Get Started¶
This guide shows you how to set up a complete Vulcan project on your local machine.
The example project runs locally using a Postgres SQL engine. Vulcan automatically generates all necessary project files and configurations.
To get started, ensure your system meets the prerequisites below, then follow the step-by-step instructions for your operating system.
Prerequisites¶
Before you begin, make sure you have Docker installed and configured on your system. Follow the instructions below for your operating system.
1. Verify Docker Installation
First, check if Docker Desktop (Mac) or Docker Engine (Linux) is installed and running:
If both commands return version numbers, Docker is installed. Make sure Docker Desktop is running (you should see the Docker icon in your menu bar or system tray).
2. Install Docker (if needed)
-
Mac: Download and install Docker Desktop for Mac
-
Linux: Install Docker Engine and Docker Compose following the official Docker installation guide
3. Configure Resources
Ensure Docker Desktop has at least 4GB of RAM allocated. You can adjust this in Docker Desktop settings under Resources → Advanced.
1. Verify Docker Installation
Check if Docker Desktop for Windows is installed and running:
If both commands return version numbers, Docker is installed. Make sure Docker Desktop is running (you should see the Docker icon in your system tray).
2. Install Docker (if needed)
If Docker is not installed, download and install Docker Desktop for Windows
3. Configure Resources
Ensure Docker Desktop has at least 4GB of RAM allocated. You can adjust this in Docker Desktop settings under Settings → Resources → Advanced.
Vulcan Setup Locally¶
Follow these steps to set up Vulcan on your local machine. The setup process will create all necessary infrastructure services and prepare your environment for development.
The download includes: Docker Compose files, Makefile, and a comprehensive README
Step 1: Extract and Navigate
Extract the downloaded zip file and open the vulcan-project folder in VS Code or your preferred IDE:
Step 2: Run Setup
Important: Before running setup, ensure Docker Desktop is running on your machine and that you are logged into RubikLabs.

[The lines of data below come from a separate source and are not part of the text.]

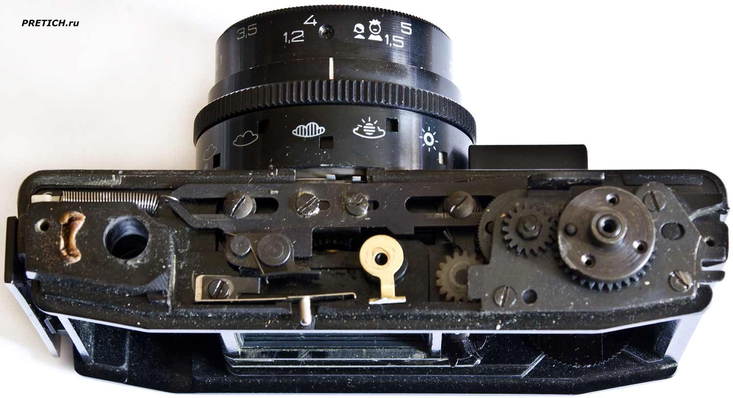 А на самом фотоаппарате под этой крышкой... да уж - это вам не простенькая Смена-8М. Все более усложнено... Но выполнено аккуратно и качественно.
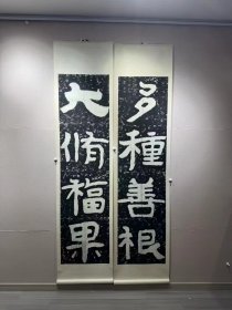 【复制商品】泰山经石峪金刚经集联,道布三千界,身修五百尊。微喷印制。五言原大一联(54*260厘米一条)。黑色
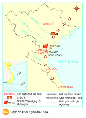 - Dựa vào lược đồ 18.2, em hãy trình bày diễn biến cuộc khởi nghĩa Hai Bà Trưng
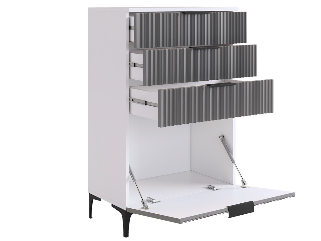 Комод «Зефир» — идеальное решение для детской и гостиной комнат. Он оснащён выкатными ящиками и откидной секцией, обеспечивая максимальный комфорт и удобство использования. Фасады украшены изящной фрезеровкой, которая придаёт изделию неповторимый шарм и элегантность.
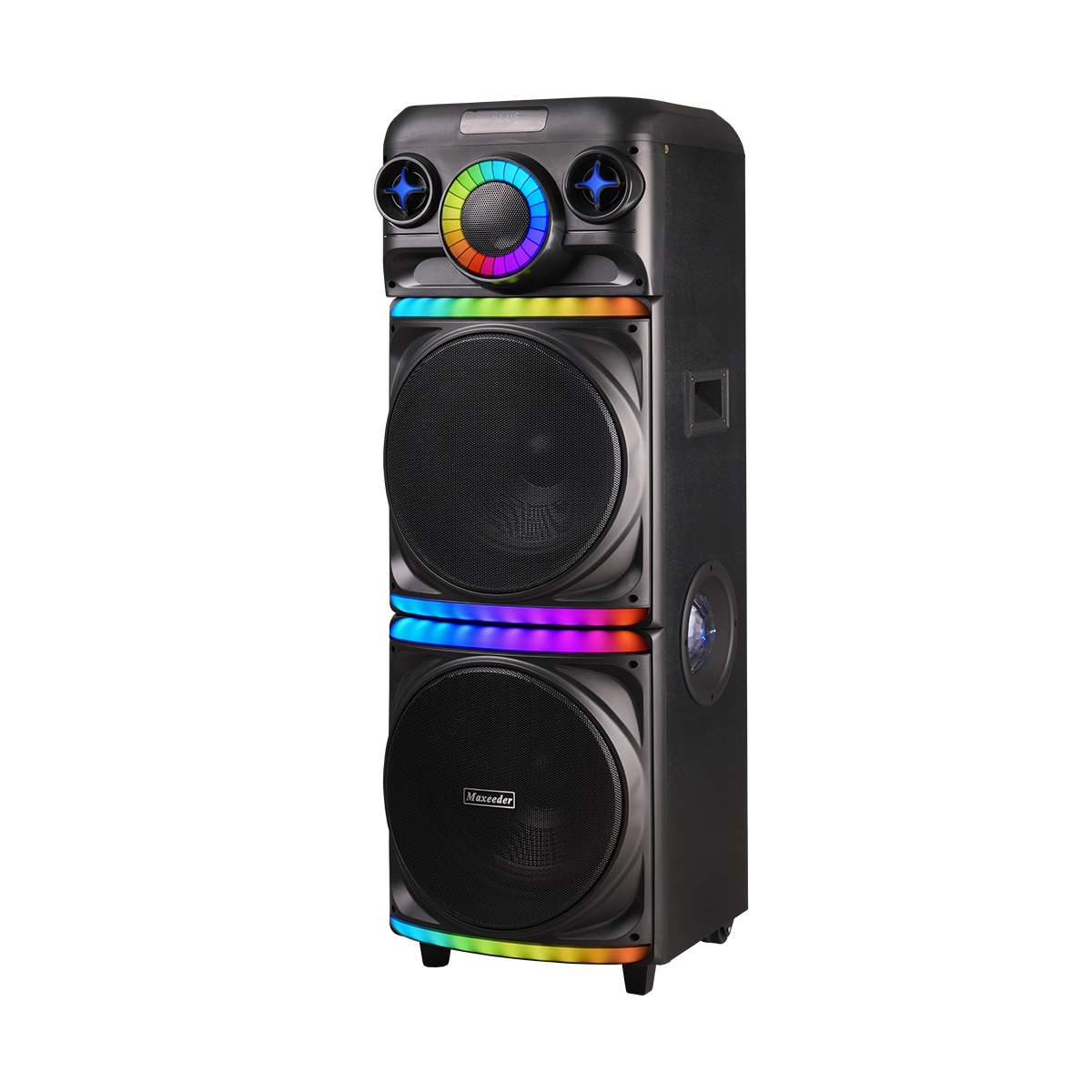 به دنیای خیال انگیز بزم و شادی خوش آمدید؛ اسپیکر CN12E07 مکسیدر به عنوان یک جواهر فناوری، شما را وارد دنیایی از صدا و نور میکند. این اسپیکر با دو ساب ووفر ۱۲ اینچ و تیوتر، به شما امکان میدهد تا به تجربهای عمیق و فوقالعاده از موسیقی دست یابید. دو نور جانبی Light Ball، نگاه همهی حضار را به خود جذب میکند و با رقص نور چرخشی RGB دور سابها، هر نغمه را به یک جشن نوری تبدیل میکند
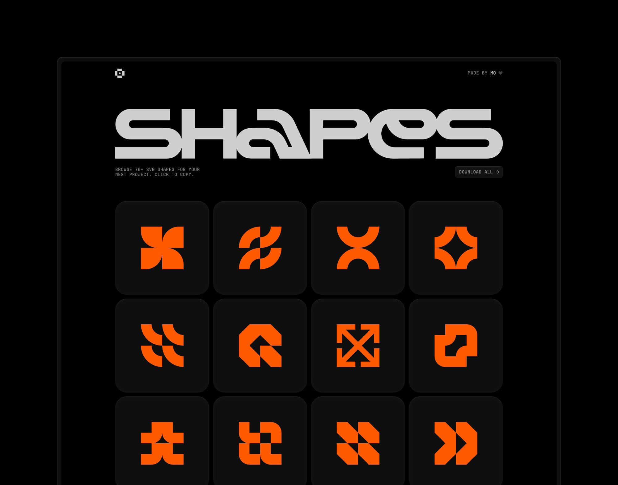 This vector set includes a collection of geometric shapes designed on an 8px grid. The forms are clean, abstract, and bold, reflecting a brutalist visual style. The set was adapted from shapes.gallery.
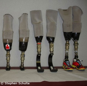I have been the tip of the sword in term of double amputees and what can be done in our sport. Hopefully, my failures and setbacks can be use to help others like me be more successful. I am currently riding a bike that is about 3 sizes to small. I have been working with Eddie O'Dea of 55nine Performance on my bike fit and cycling technique. He has worked with me to setup my bike optimally using the Wobble-Naught fit system and quantified the setup based on my skeletal and prosthetic measurements. This has to be refined every time my prosthetics change. We are using the Dartfish video analysis to constantly work on my form and technique which has resulted in more comfort and some of my best bike splits to date. There have been some major challenges with getting into an aero position mostly due to balance or lack there of, so we are still working in that area. I am seeking a bike sponsor for 2009 season that could work with us so that we can progress to a stable aero position.
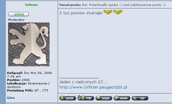 i Panowie... oto roku pańskiego 2007 po 14 miesiącach, 25 dniach i nie wiem ilu godzinach mojego jestestwa na forum około godziny 16:45:58
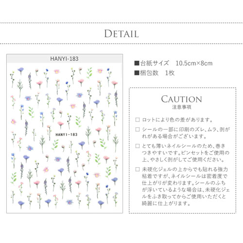 製品情報 梱包数 1枚 サイズ 台紙サイズ:10.3cm×8cm 発送方法 メール便190円/佐川急便470円(沖縄・離島以外)/ゆうパック410円〜 用途 ジェルネイル・レジン用品 オススメポイント やさしい色のフラワーネイルシール(Pastel flower) 淡いパステルカラーのフラワーネイルシールです。
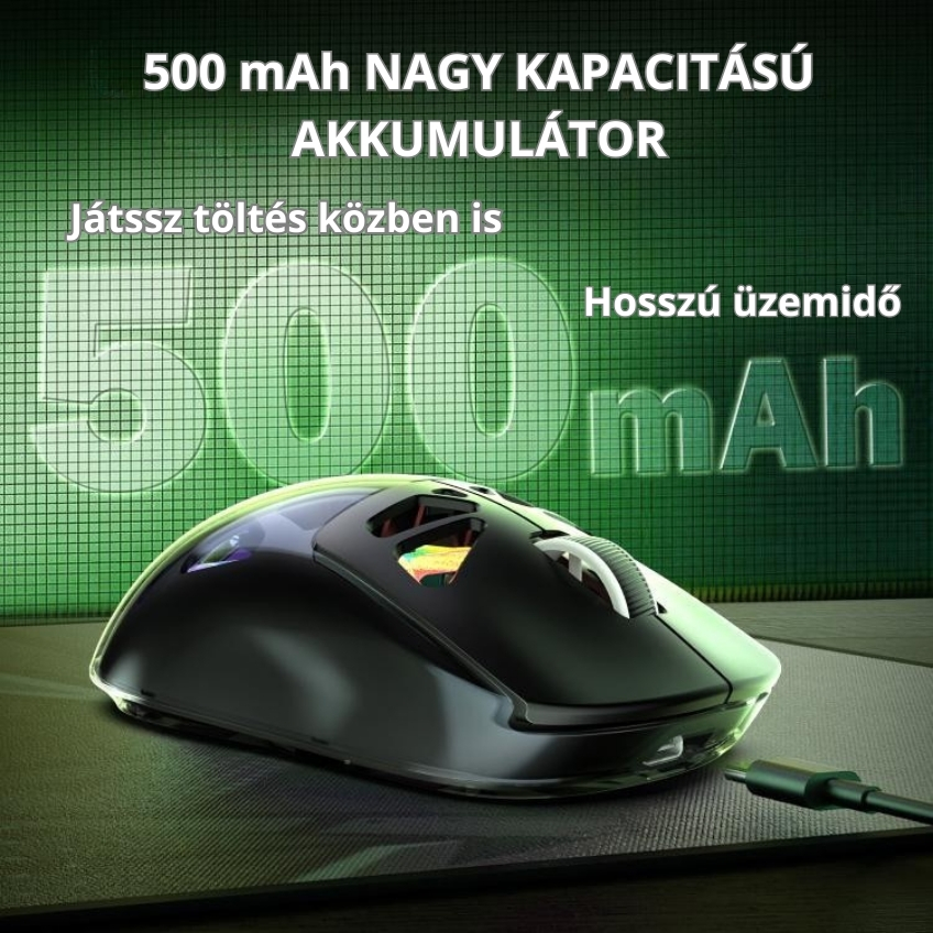 A beépített 500 mAh kapacitású akkumulátor hosszú üzemidőt biztosít, miközben az egér használat közben is tölthető. Így nem kell megszakítanod a játékot vagy a munkát akkor sem, ha az akkumulátor merülni kezd.
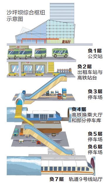 负1层是公交站、负2层是出租车站与高铁站台、负3、负5、负6层是停车场、负4层是换乘大厅和部分停车库、负7层是轨道9号线站厅。
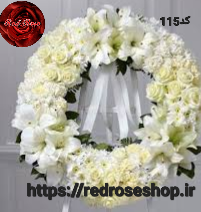 تاج گل تبریک حلقه گرد،پایہ کوتاہ۔لیلیوم رز،داوودی، اورینتال کد115
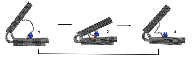 In a hand grip strength trainer, you squeeze the handles together against the resistance of the spring. Once you release your grip, the spring pushes the handles back to their original position. “Our motor uses a very similar principle,” says Famulok, from the Life and Medical Sciences Institute (LIMES) at the University of Bonn. “But the handles are not pressed together but rather pulled together.”
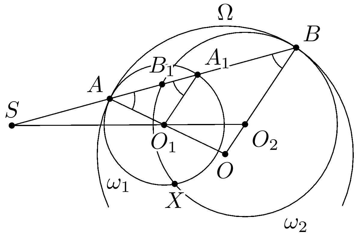 Комментарии от администратора Комментарии от администратора №1. Пусть $O_1$ и $r_1$ соответственно центр и радиус $\omega_1$, а $O_2$ и $r_2$ соответственно центр и радиус $\omega_2$. Пусть $\omega$ — вписанная окружность в криволинейного треугольника $A_1B_1X$, а $I$ — ее центр. Точку касания окружностей $\omega$ и $\omega_1$ обозначим через $P$, а окружностей $\omega$ и $\omega_2$ через $Q$. Пусть $AB \cap O_1O_2=S$. Легко заметить, что $\angle O_2BA = \angle O_1AB = \angle O_1A_1A$, то есть $O_1A_1 \parallel OB$. Тогда $S$ — центр гомотетии, переводящий $\omega_1$ в $\omega_2$, с коэффициентом $r_1/r_2$.
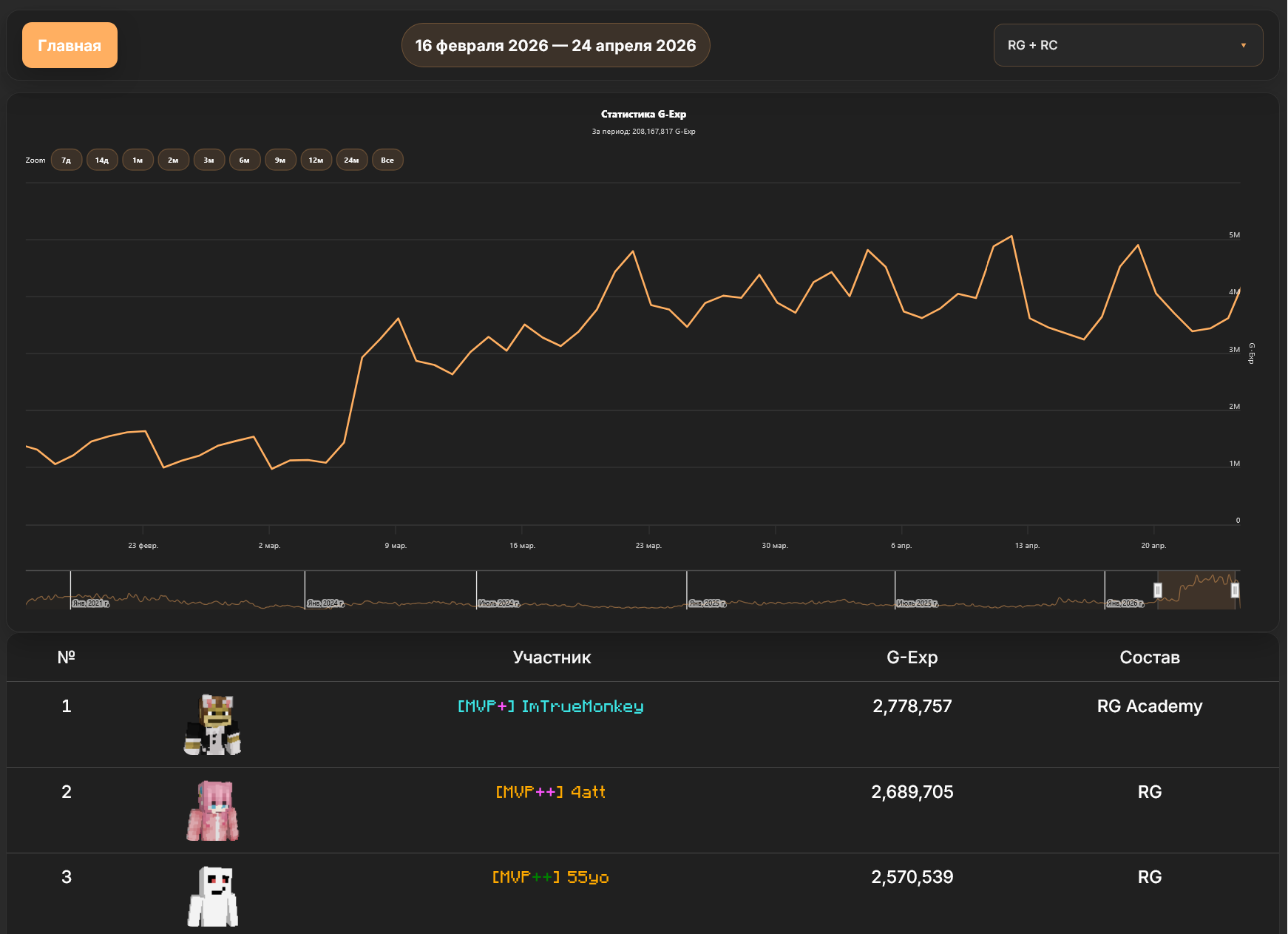 Проведена масштабная модернизация сайта: переработаны страницы со списком участников и отображением активности по G-Exp.
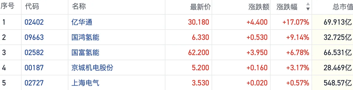 截至发稿,亿华通(02402.HK)涨超17%,国鸿氢能(09663.HK)涨超9%,国富氢能(02582.HK)等个股也纷纷跟涨。
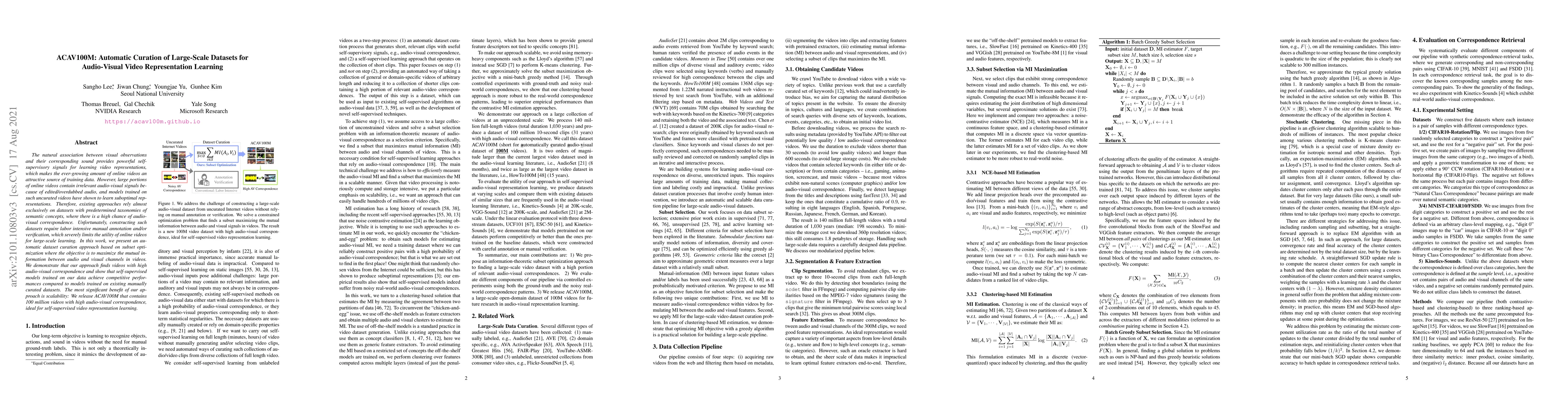 This paper introduces ACAV100M, an automatic curation method for large-scale audio-visual datasets, aiming to maximize mutual information between audio and visual channels. The approach enables scalable, self-supervised video representation learning, releasing a dataset of 100 million curated videos that outperforms models trained on manually curated datasets.
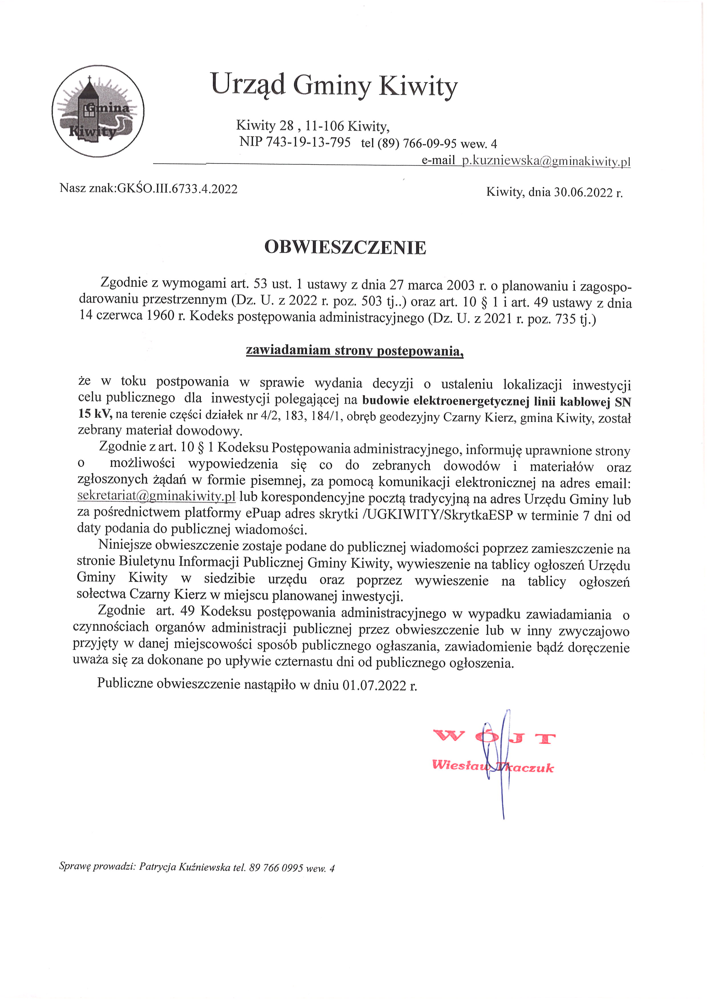 Wersja obowiązująca z dnia 30-06-2022 14:09:32 Drukuj Obwieszczenie o zebranym amteriale dowodowym w sparwie wydania decyzji celu publicznego dla budowy linii elektroenergetycznej w Czarnym Krzu Załączniki obwieszczenie o zebranym amteriale dowodowym w sparwie wydania decyzji celu publicznego dla budowy linii elektroenergetycznej w Czarnym Krzu format: image/jpeg, rozmiar: 716.56 KB, data dodania: 30-06-2022 14:09:32
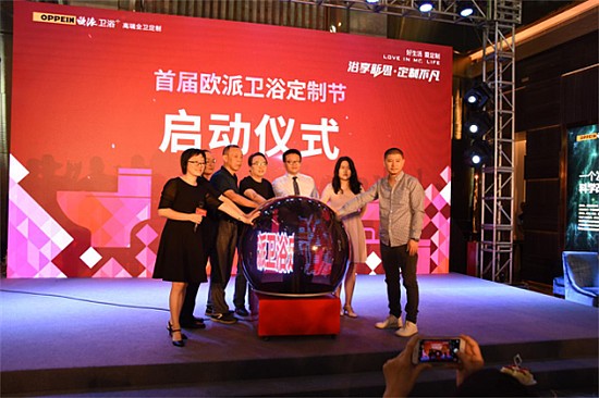 在場(chǎng)嘉賓共同按壓?jiǎn)?dòng)球,歐派衛(wèi)浴定制節(jié)正式拉開帷幕

Execute the setup command:
This command starts the full Vulcan stack in one step:
-
statestore (PostgreSQL): Stores Vulcan's internal state, including model definitions, plan information, and execution history. This database persists your semantic model, plans, and tracks materialization state.
-
minio (Object Storage): Stores query results, artifacts, and other data objects that Vulcan generates. This service provides data retrieval and caching for your workflows.
-
vulcan-transpiler: Transpiler API for converting semantic queries to SQL (available at
http://localhost:8100) -
vulcan-api: REST API server for querying your semantic model (available at
http://localhost:8000) -
vulcan-graphql: GraphQL interface for querying your semantic layer (available at
http://localhost:3000) -
vulcan-mysql (optional): MySQL wire protocol access for BI tool connectivity (available at
localhost:3307) -
MySQL proxy: Proxy for BI tools to connect via MySQL protocol (available at
localhost:3306)
Note: The setup process typically takes 1-2 minutes to complete. All services are essential for Vulcan's operation.
State Connection Default
By default, you should use Postgres for your state connection. When configuring your config.yaml, set state_connection to use Postgres. This ensures reliable state management and is the recommended approach for most projects.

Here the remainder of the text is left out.